Eu fico feliz também, mas… rola uma preocupaçãozinha, sabe? Passei anos em colégio particular, trabalhando em firma que falava em equipe mas premiava só o indivíduo – tipo, uns poucos no topo e o resto se achando um lixo. Lembro da prof de inglês listando nota no quadro, da maior pra menor, sem nome mas todo mundo sacava quem era o rei ou o fracassado. A minha sempre no topo, eu pirava com isso.
Essa loucura de prêmio e a corrida que não para
Eu era igual ela, colecionava tudo aquilo com uma fome danada. Uma prof botou no boletim que eu queria conquistar o saber, não aprender… achei elogio na hora. Pra mim escola era guerra mesmo, boletim provava que eu era a número um.
Competi com os amigos pro pré-vestibular com aprovação baixa, tipo mais difícil que USP. Lá dentro briguei por bolsa, quatro anos nessa disputa – sala, quadra de basquete. Diziam progressista mas era hora extra, sacrificar tudo pra passar o cara do lado. Fora jogava handebol, futsal, natação uns 3 ou 4 treinos por semana (nem lembro direito), aprendi time mas no fim premiavam as três estrelas e o resto batia palma. Voltava com troféu pra prateleira, deitava na cama de cima olhando aquilo brilhando, sonhando alto.
Essa ambição me jogou numa federal top, vestibular brabo, depois startup heroica e aos 28 cargo maneiro em agência de mídia em SP – sala de vidro, placa chique na porta. Tailleur caro, me sentindo o peixe grande na capital. Esforço valendo a pena, eleita a mais provável pro sucesso e tal, realizando tudo.
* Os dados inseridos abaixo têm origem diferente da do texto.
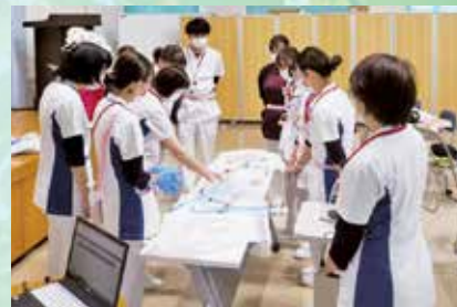
膀胱留置カテーテル講義

A escada que virou uma cobra
Vida era escadinha reta: infantil, fundamental, médio, pré, facul, startup, trampo top. Subia com foco total, louros em cada degrau, céu limpo na frente.
Aí bateram as dúvidas, tipo:
- Por que sucesso é mais hora no trampo que em casa? IBGE fala que uns 10% dos brasileiros ralam mais de 50h por semana, IBGE.
- 40h como mínimo pra vida adulta girar em torno?
- Empresa crescendo acima de tudo, isso é sucesso mesmo?
- Gerenciar mais gente te faz mais importante que eles?
- Salário sigiloso e subjetivo, sendo vital pra estabilidade?
- Valoriza força certa e ignora diversidade pro time bom?
- Fala em time mas bota um contra o outro…
Isso veio fuçando políticas numa empresa grande, mas 15 anos investidos na escada, não largava fácil. Ah, e tinha aqueles jogos de futsal no fim de semana que eu amava mas larguei pra focar carreira, besteira né.
Maternidade bagunçou tudo
Primeira filha nasceu e ploft, escada desabou, virou ziguezague. No trampo automático, invisível total – aí entendi subvalorizado de verdade.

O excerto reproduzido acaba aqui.